I have a massive 5M row list of customer, period, and orders and need to attach rolling window lookups of 3, 6, and 12 months. Below is a sample of the data:
I have a dataframe dftest1:
{'period': {0: 201810, 1: 201811, 2: 201812, 3: 201901, 4: 201902, 5: 201903, 6: 201904, 7: 201905, 8: 201906, 9: 201907, 10: 201908, 11: 201909, 12: 201910, 13: 201911, 14: 201912, 15: 202001, 16: 202002, 17: 202003, 18: 202004, 19: 202005, 20: 202006}, 'customer': {0: 'ABC', 1: 'ABC', 2: 'ABC', 3: 'ABC', 4: 'ABC', 5: 'ABC', 6: 'ABC', 7: 'ABC', 8: 'ABC', 9: 'ABC', 10: 'ABC', 11: 'ABC', 12: 'ABC', 13: 'ABC', 14: 'ABC', 15: 'ABC', 16: 'ABC', 17: 'ABC', 18: 'ABC', 19: 'ABC', 20: 'ABC'}, 'orders': {0: 0.0, 1: 0.0, 2: 0.0, 3: 0.0, 4: 0.0, 5: 0.0, 6: 0.0, 7: 0.0, 8: 0.0, 9: 0.0, 10: 0.0, 11: 1.0, 12: 0.0, 13: 0.0, 14: 0.0, 15: 1.0, 16: 0.0, 17: 2.0, 18: 1.0, 19: 1.0, 20: 1.0}}
Now the following runs and delivers exactly what I want but it takes a very long time to run on my full dataset:
dftest1['countOfOrdersLast3months']=''
dftest1['countOfOrdersLast6months']=''
dftest1['countOfOrdersLast12months']=''
for x, y in dftest1.iterrows():
customer = dftest1['customer'].values[x]
currentDate = dftest1['period'].values[x]

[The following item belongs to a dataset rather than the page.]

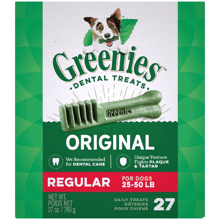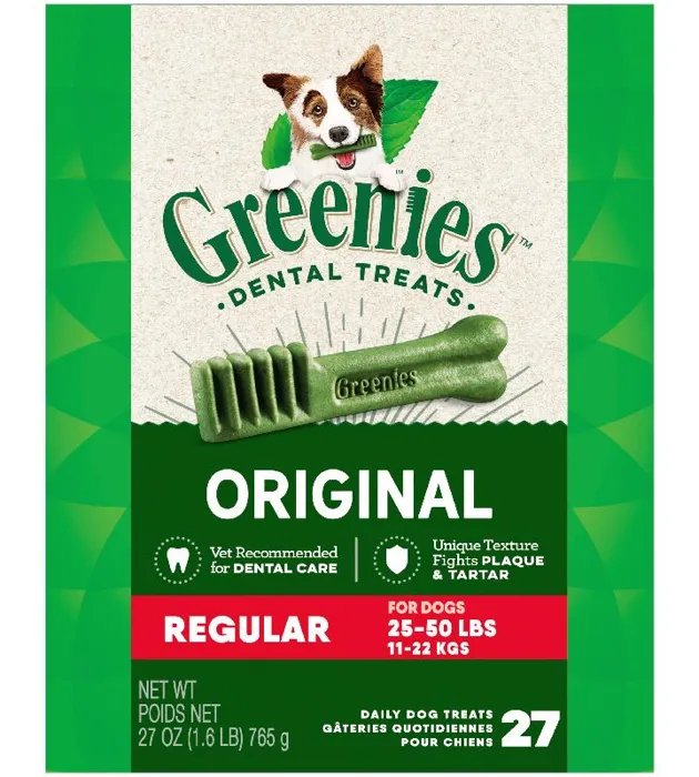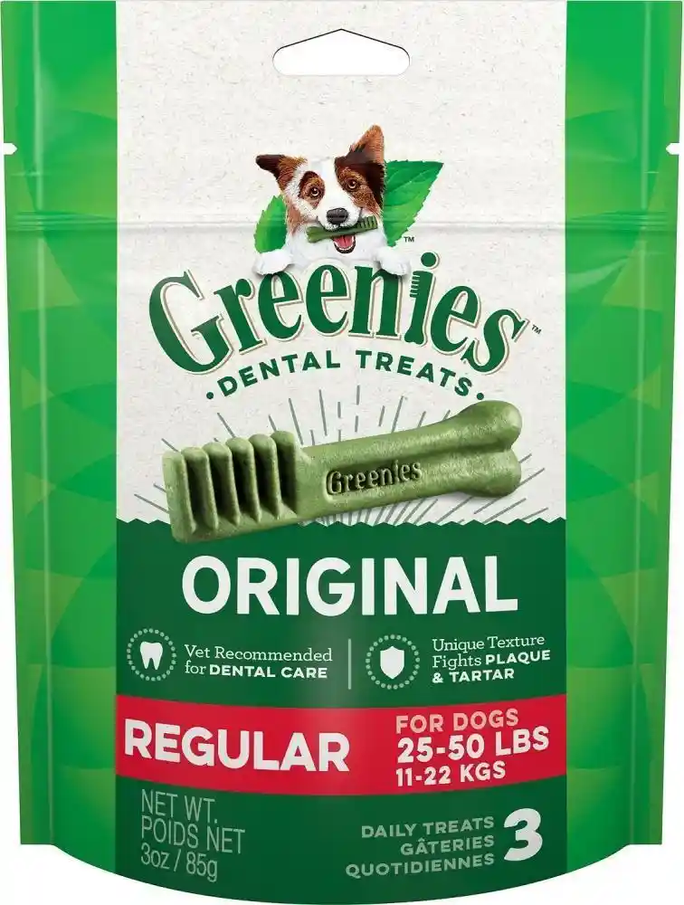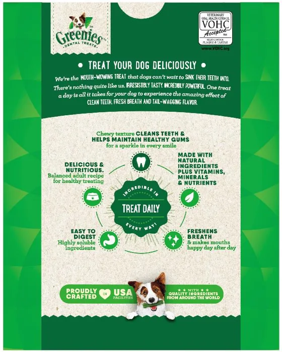 Made with a chewy texture to help fight plaque and tartar, Greenies Regular Original Dental Dog Chews are the perfect daily treat to help keep your pups teeth clean! These dental treats are all natural with easy to digest ingredients topped with a delicious, mouth-watering taste!

dftest1['countOfOrdersLast3months'].values[x] = dftest1[(dftest1['customer']==customer) & ((dftest1['period'] > currentDate-3) & (dftest1['period'] <= currentDate))]['orders'].sum()
dftest1['countOfOrdersLast6months'].values[x] = dftest1[(dftest1['customer']==customer) & ((dftest1['period'] > currentDate-6) & (dftest1['period'] <= currentDate))]['orders'].sum()
dftest1['countOfOrdersLast12months'].values[x] = dftest1[(dftest1['customer']==customer) & ((dftest1['period'] > currentDate-12) & (dftest1['period'] <= currentDate))]['orders'].sum()
dftest1.head()
Is there a better way to do this faster?